● Task instructions:
Include the line with "- Extensive Compatibility: Replacement" and every line before it in the entries below, echoed exactly, but not the pictures.
--- Supplied records Enclosed Below ---
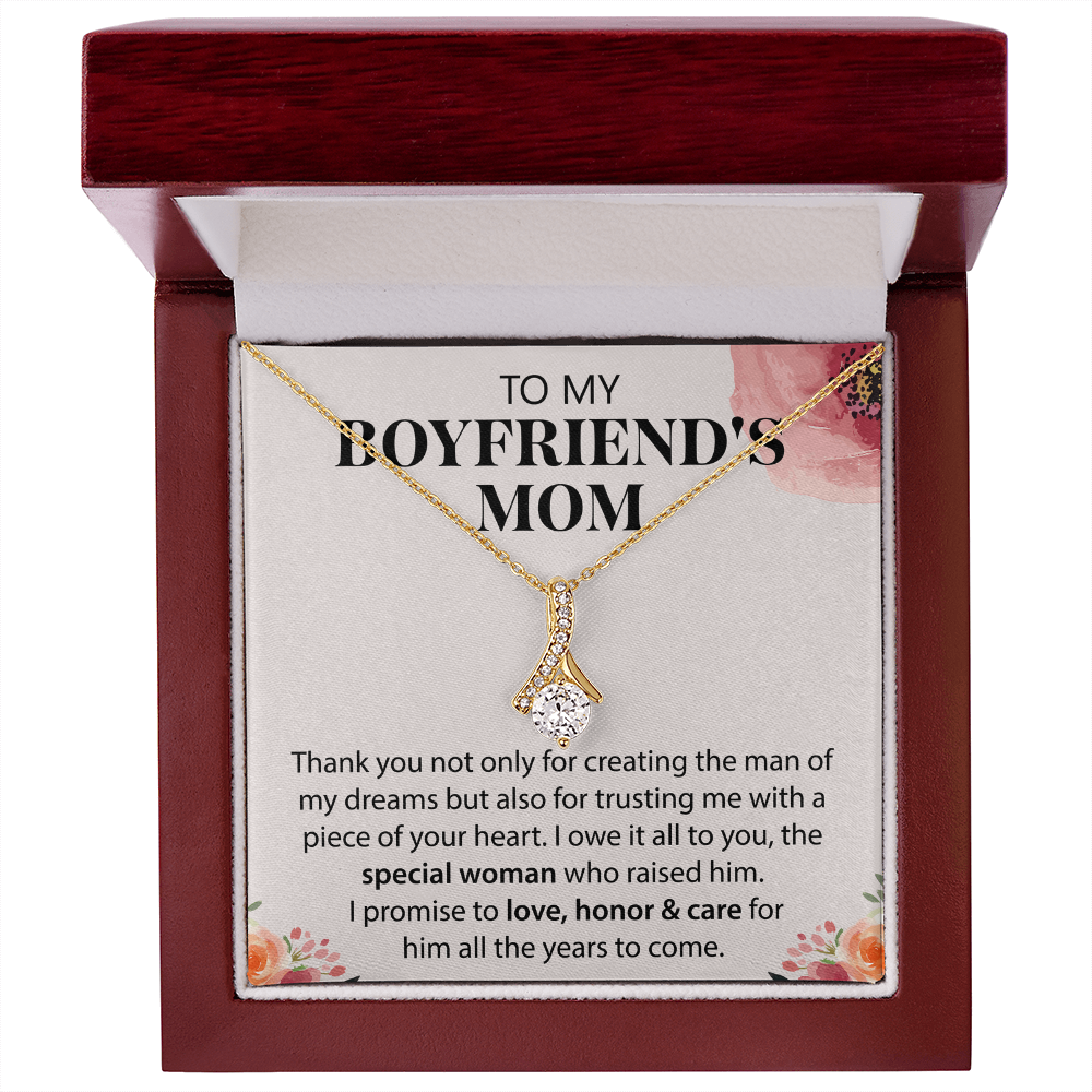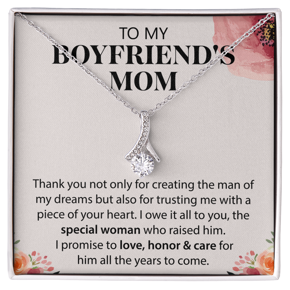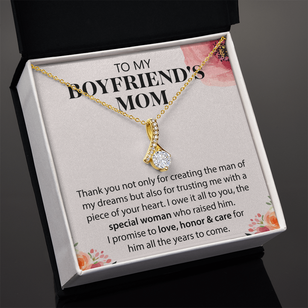 A to my boyfriend’s mom necklace that makes a beautiful gift for boyfriend’s mom, symbolizing gratitude and love in an elegant jewelry piece.
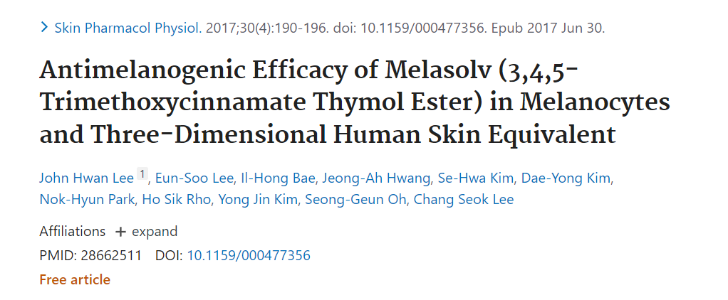 [1] Lee JH, Lee ES, Bae IH, et al. Antimelanogenic Efficacy of Melasolv (3,4,5-Trimethoxycinnamate Thymol Ester) in Melanocytes and Three-Dimensional Human Skin Equivalent. Skin Pharmacol Physiol. 2017;30(4):190-196.
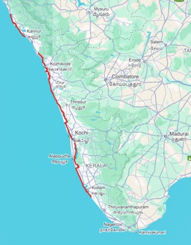 A shorter but spectacular final day. Follow the Kollam Canal to Paravur Lake, then pedal through Maniyam Kulam Canal and Edava Nadayara Kayal to reach the sea. The final stretch hugs the coast — turquoise waters on one side, red cliffs on the other — leading you to Varkala, Kerala’s cliff-top beach paradise.
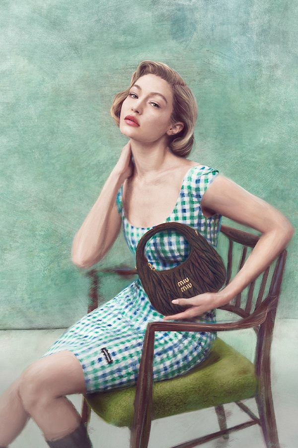 Poised portraits, posed – the new Miu Miu campaign, starring Gigi Hadid, immortalizes both the brand’s emblematic matelassé and the women who hold it, through timeless imagery inspired by classic high society portraiture of the 20th century.
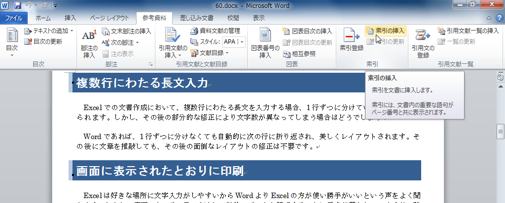 - [参考資料]タブを開き、[索引]グループの[索引の挿入]をクリックします。
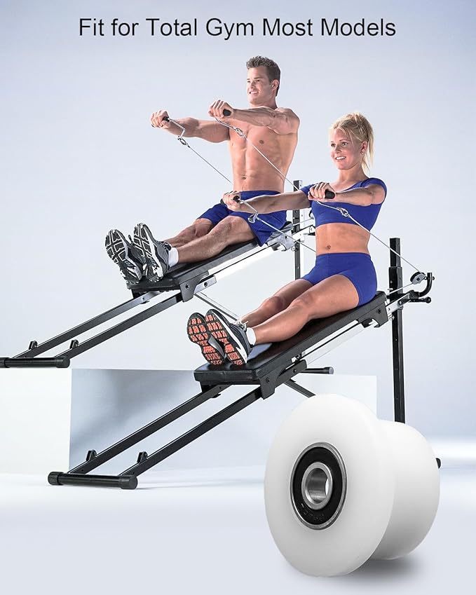 - Extensive Compatibility: Replacement machined wheels fit for Total Gym including 1000, 1100, 1400, 1500, 1600, 1700, 1800, 1900, Achiever, Core, Elite, Force, Gold, Gold Plus, Max, Platinum, Platinum Plus, Power Platinum, Premiere, Pro, Supra, Supreme, Ultima, Ultra, X-Force, and XLi.
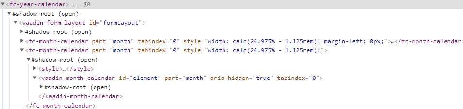 Even after fixing #7, the styles are not visible in our Vaadin 23 demo: the month calendars are stamped, but the custom styles from test_year-month-calendar.css are not injected.
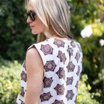 Meet the Slim Top, now in printed canvas fabric and a wardrobe must-have for spring-summer. With a slightly boxy shape and lightly padded capped sleeves, the Slim is the perfectly chic top to pair with the coordinating Gidget Mini Skirt for a set, or jeans (white or blue).
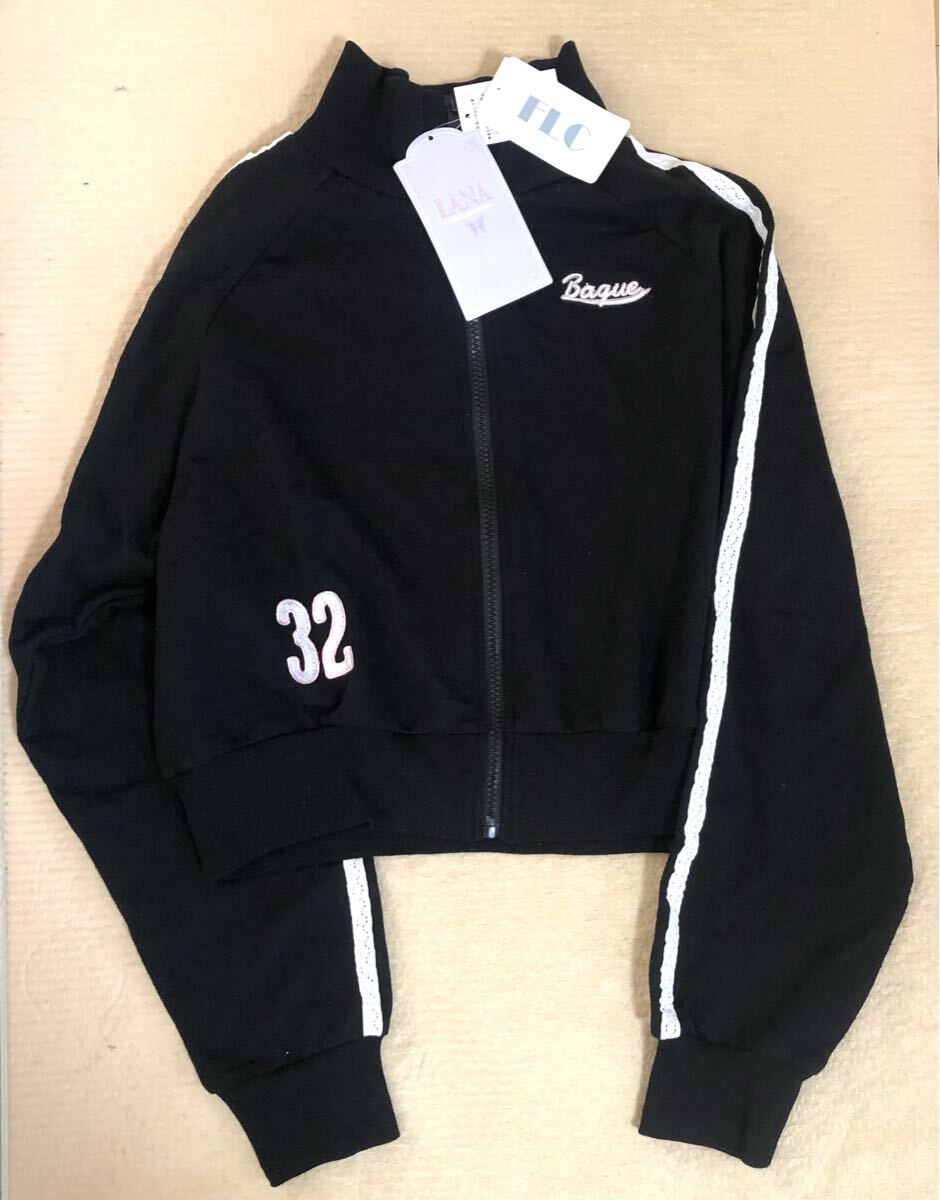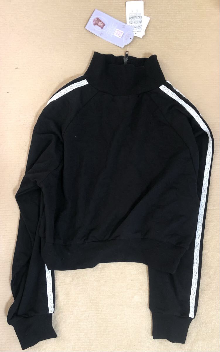 新品 タグ付き LANA コラボ 袖レース トラックジャケット 黒  Lサイズ 村上来渚 ショート丈 ミニ丈 ダンサー ダンス練習に
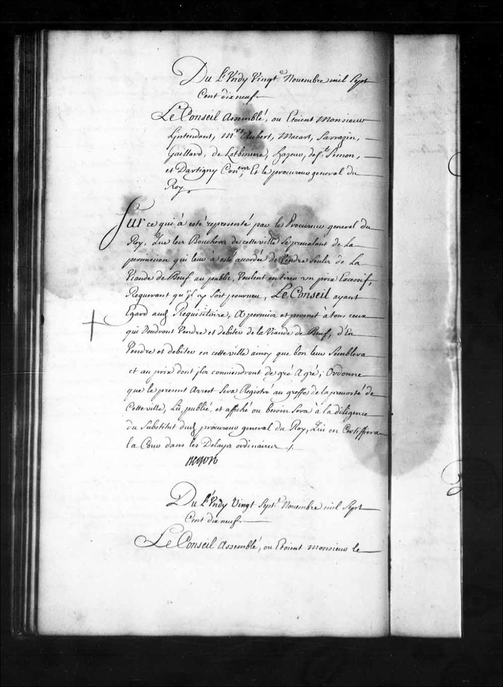Sur la représentation du procureur général du Roi que les bouchers de Québec se prévalant de la permission qui leur a été accordée de vendre seuls de la viande de boeuf en public. Le Conseil permet à tous ceux qui voudront vendre et débiter de la viande de boeuf, d'en vendre à Québec et au prix dont ils conviendront de gré à gré
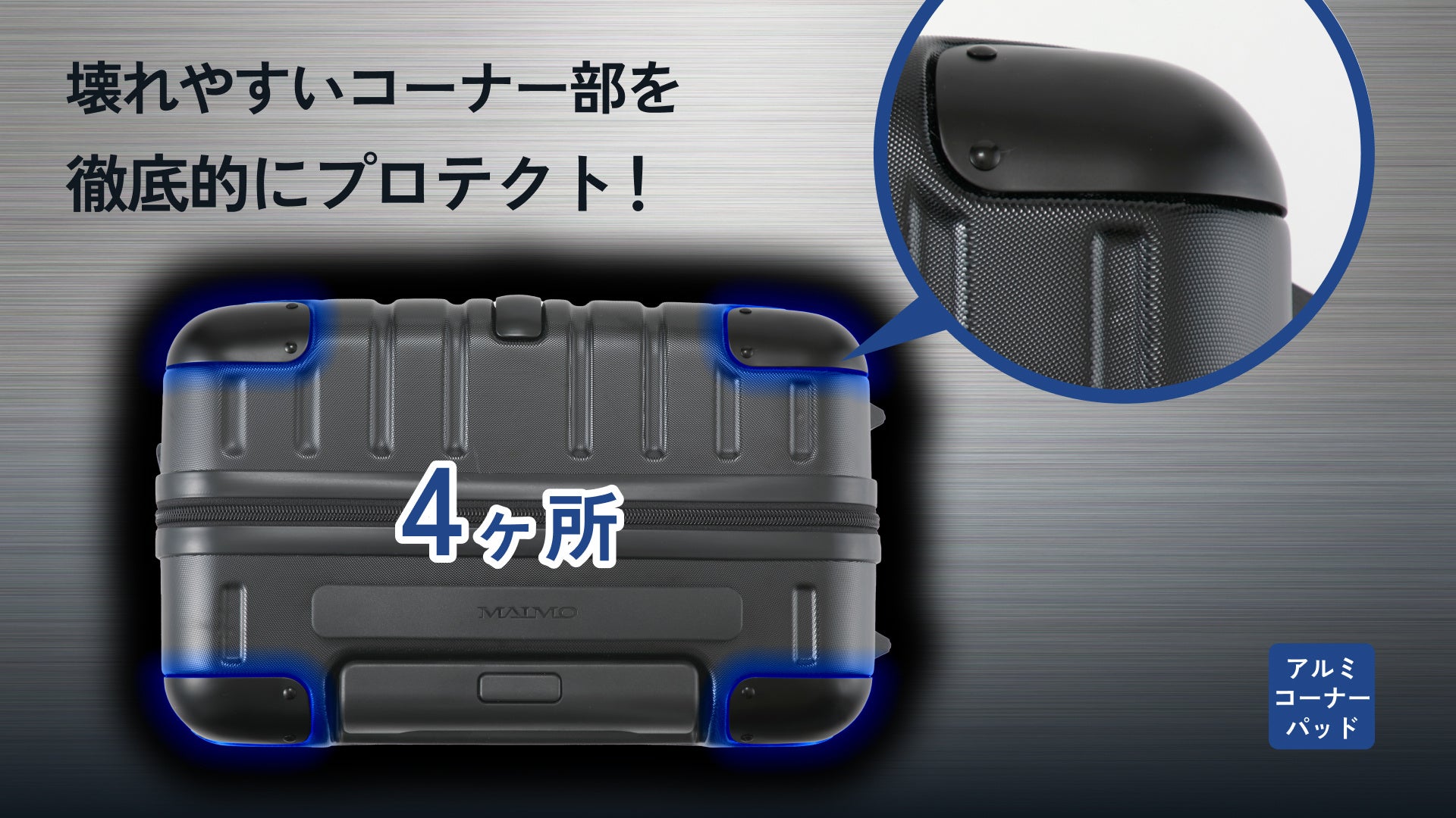 壊れやすいコーナー部にアルミ製コーナーパッドを4箇所装着しました。従来の樹脂製コーナーパッドと比べて、強度がより高くなり、衝撃から大切な荷物をしっかり守ります。
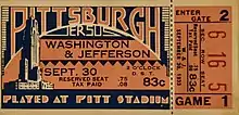 - "Pitt-W. & J. Game in Detail". Pittsburgh Sun-Telegraph. Pittsburgh, Pennsylvania. October 1, 1933. p. Part 2-2. Retrieved January 21, 2022 – via Newspapers.com.
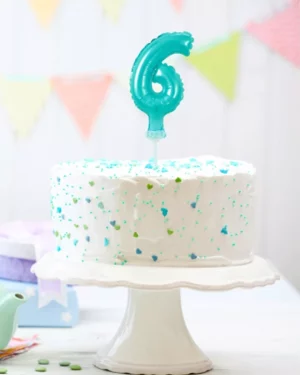 Zápich do torty balón číslo 6 svetlo modrý 13 cm
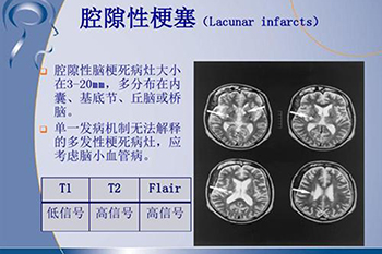 是指大脑半球或脑干深部的小穿通动脉,在长期高血压的基础上,血管壁发生病变,导致管腔闭塞,形成小的梗死灶。发病率很高,占脑梗死的20%-30%,常见的发病部位有壳核、尾状核、内囊、丘脑及脑桥、少数位于放射冠及脑室管膜下区。腔隙性脑梗死是脑梗死的一种,是指发生在大脑深部直径15mm以内的小梗塞。由于发生闭塞的血管小,病灶小,所以一般危害也比较小。
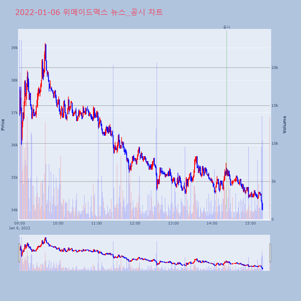 | 13 | [게시판] 위메이드, 디지털자산은행 시그넘에 전략적 투자[게시판] 위메이드, 디지털자산은행 시그넘에 전략적 투 | 연합뉴스 | 위메이드 | 2022-01-06 14:58:32 |
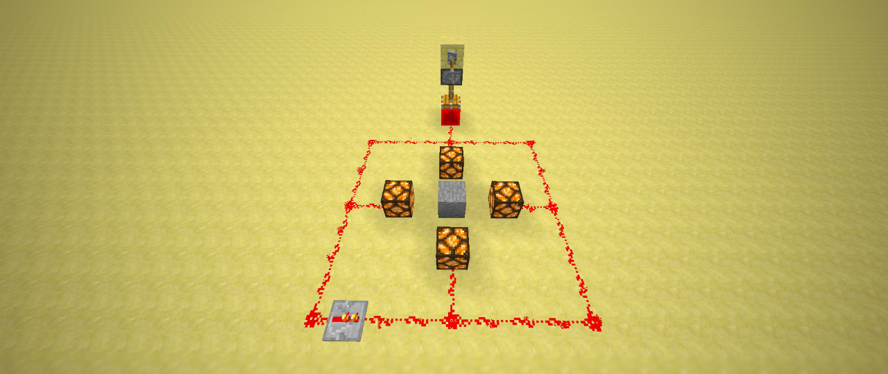 トラップにはレッドストーンランプを利用したストッパーをつけました。レバーを「ON」にするとスポーンブロックの周囲の壁に設置した照明が点灯し、沸きが停止します。下の画像は停止機構の試作品です。粘着ピストン(※1)とレッドストーンブロック(※2)を利用した、簡単なスイッチで、レバーを下げるとピストンがレッドストーンブロックを下方に押し、動力が伝わります。レバーを戻すとスイッチが切れます。
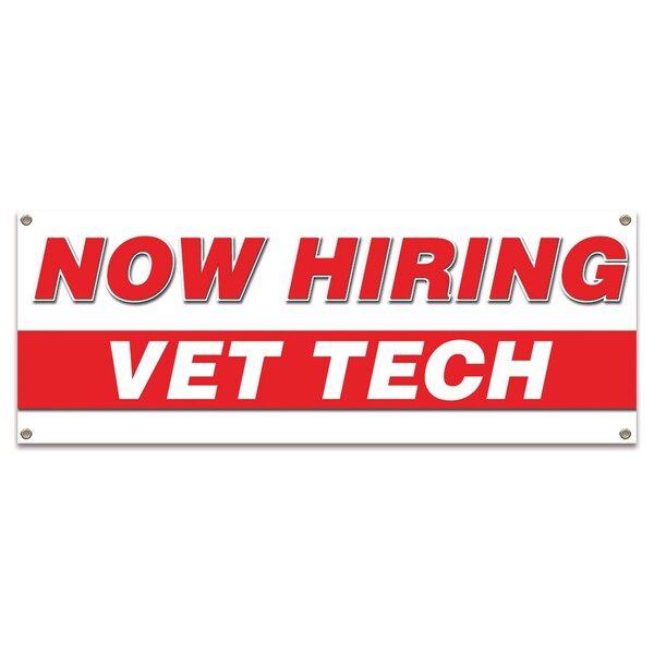 Now Hiring Vet Tech Banner Apply Inside Accepting Application Single Sided
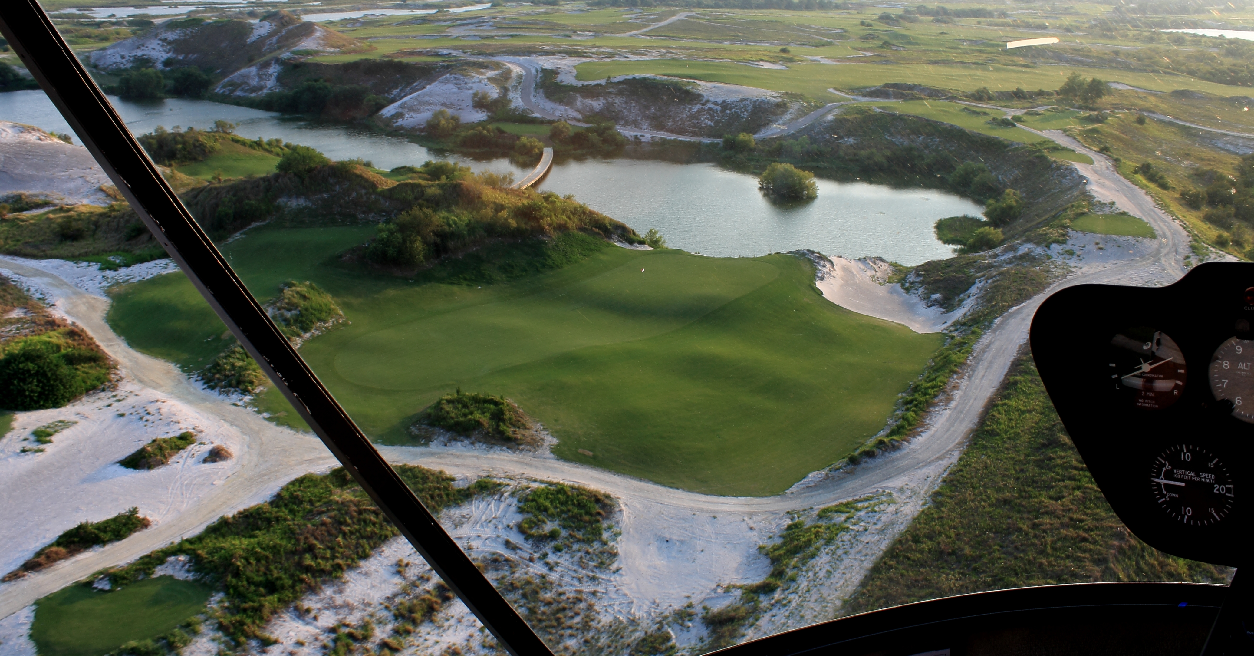 Sadly, our golden hour window each morning and afternoon was hampered by the onset of humidity often found in early-June Florida. We needed “October skies,” which unfortunately did not match Golf Digest’s teaser piece schedule. Stephen bought the use of helicopter for two evening flights and I jumped at the chance to stay on site, lock the gate, and as it turns out, take two rides.
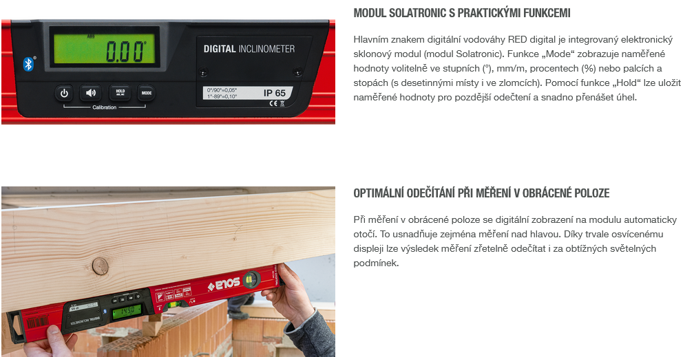 - Komfortní odečítání hodnot díky reverznímu zobrazení při měření v obrácené poloze
--- End of Enclosed Supplied records ---
● The answer:
 A to my boyfriend’s mom necklace that makes a beautiful gift for boyfriend’s mom, symbolizing gratitude and love in an elegant jewelry piece.
 [1] Lee JH, Lee ES, Bae IH, et al. Antimelanogenic Efficacy of Melasolv (3,4,5-Trimethoxycinnamate Thymol Ester) in Melanocytes and Three-Dimensional Human Skin Equivalent. Skin Pharmacol Physiol. 2017;30(4):190-196.
 A shorter but spectacular final day. Follow the Kollam Canal to Paravur Lake, then pedal through Maniyam Kulam Canal and Edava Nadayara Kayal to reach the sea. The final stretch hugs the coast — turquoise waters on one side, red cliffs on the other — leading you to Varkala, Kerala’s cliff-top beach paradise.
 Poised portraits, posed – the new Miu Miu campaign, starring Gigi Hadid, immortalizes both the brand’s emblematic matelassé and the women who hold it, through timeless imagery inspired by classic high society portraiture of the 20th century.
 - [参考資料]タブを開き、[索引]グループの[索引の挿入]をクリックします。
 - Extensive Compatibility: Replacement machined wheels fit for Total Gym including 1000, 1100, 1400, 1500, 1600, 1700, 1800, 1900, Achiever, Core, Elite, Force, Gold, Gold Plus, Max, Platinum, Platinum Plus, Power Platinum, Premiere, Pro, Supra, Supreme, Ultima, Ultra, X-Force, and XLi.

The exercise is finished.